→ **What is expected**
With any pictures left out, restate word for word the lines in the listing below from the one holding "Магазин индийских товаров" through the last.
[[ Available data, beginning ]]
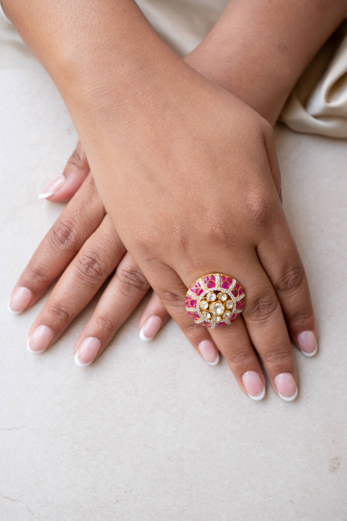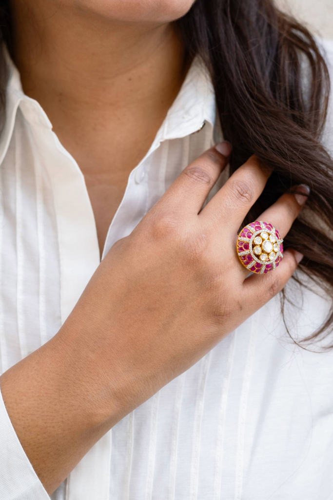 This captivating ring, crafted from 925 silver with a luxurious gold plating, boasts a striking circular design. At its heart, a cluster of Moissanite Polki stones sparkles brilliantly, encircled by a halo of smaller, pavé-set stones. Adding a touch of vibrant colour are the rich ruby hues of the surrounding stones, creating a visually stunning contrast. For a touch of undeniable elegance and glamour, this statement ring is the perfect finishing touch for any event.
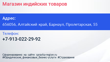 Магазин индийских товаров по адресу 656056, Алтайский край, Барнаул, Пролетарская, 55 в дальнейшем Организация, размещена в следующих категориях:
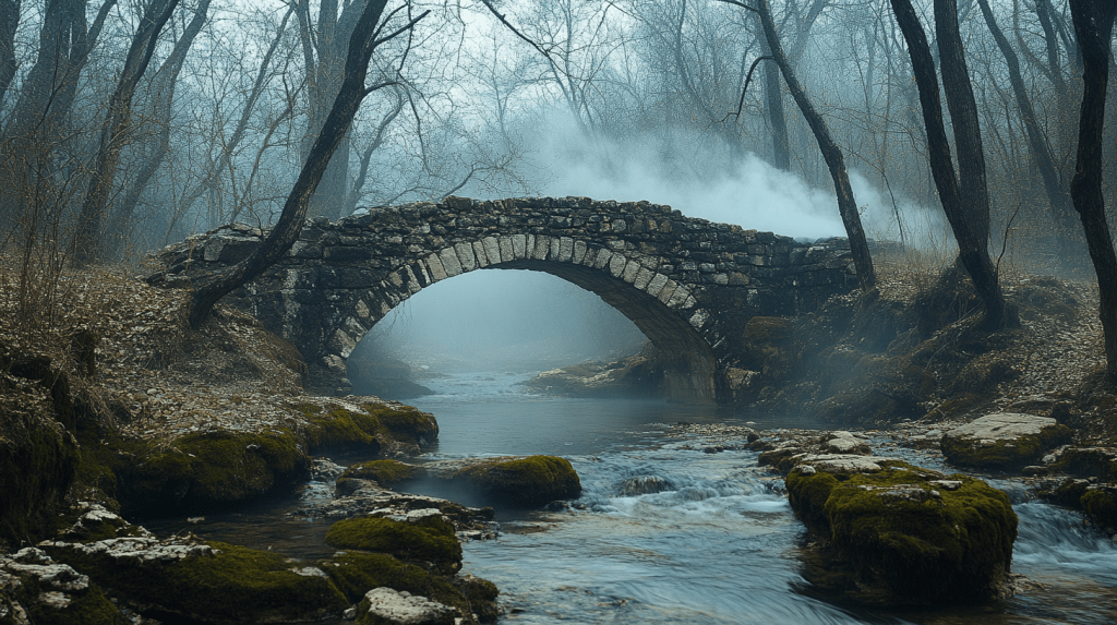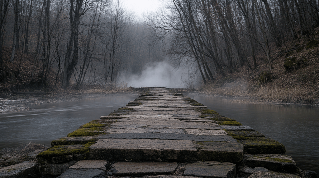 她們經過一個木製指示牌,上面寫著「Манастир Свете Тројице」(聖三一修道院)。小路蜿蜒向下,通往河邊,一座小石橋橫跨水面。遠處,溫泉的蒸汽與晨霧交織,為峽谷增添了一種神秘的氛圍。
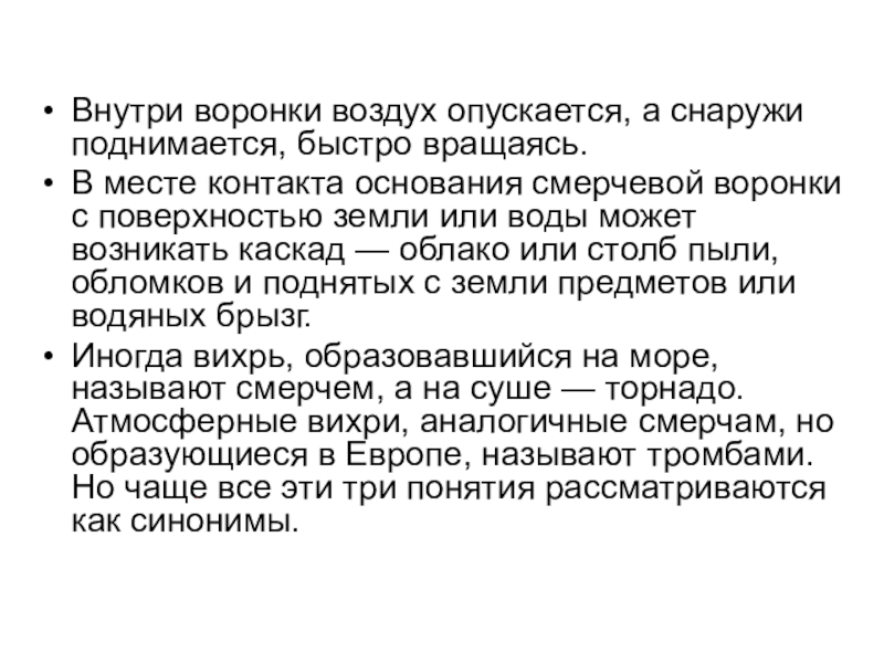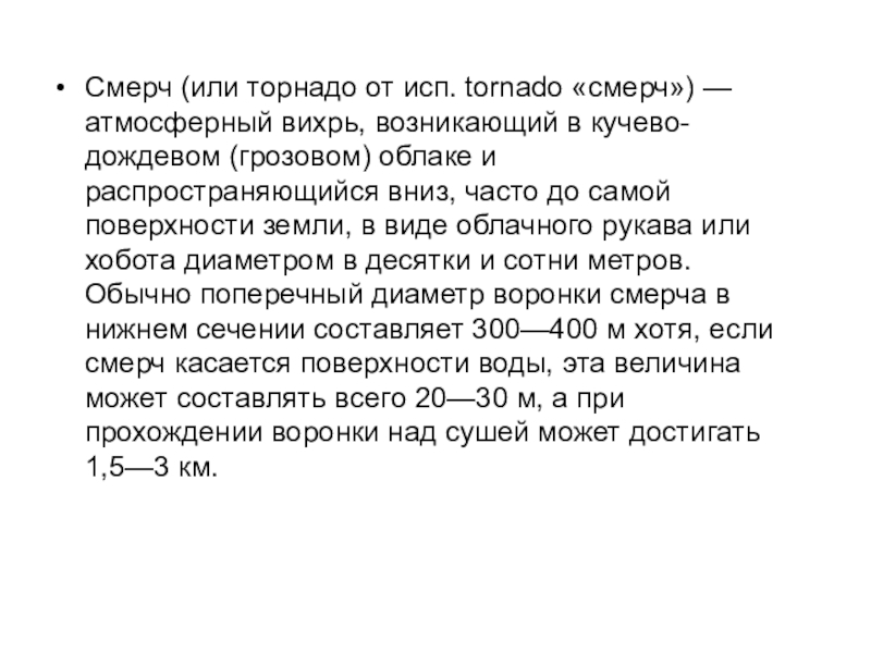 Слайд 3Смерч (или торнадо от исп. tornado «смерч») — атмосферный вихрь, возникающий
[[ Available data, end ]]
→ **Result for this exercise**
 Магазин индийских товаров по адресу 656056, Алтайский край, Барнаул, Пролетарская, 55 в дальнейшем Организация, размещена в следующих категориях:
 她們經過一個木製指示牌,上面寫著「Манастир Свете Тројице」(聖三一修道院)。小路蜿蜒向下,通往河邊,一座小石橋橫跨水面。遠處,溫泉的蒸汽與晨霧交織,為峽谷增添了一種神秘的氛圍。
 Слайд 3Смерч (или торнадо от исп. tornado «смерч») — атмосферный вихрь, возникающий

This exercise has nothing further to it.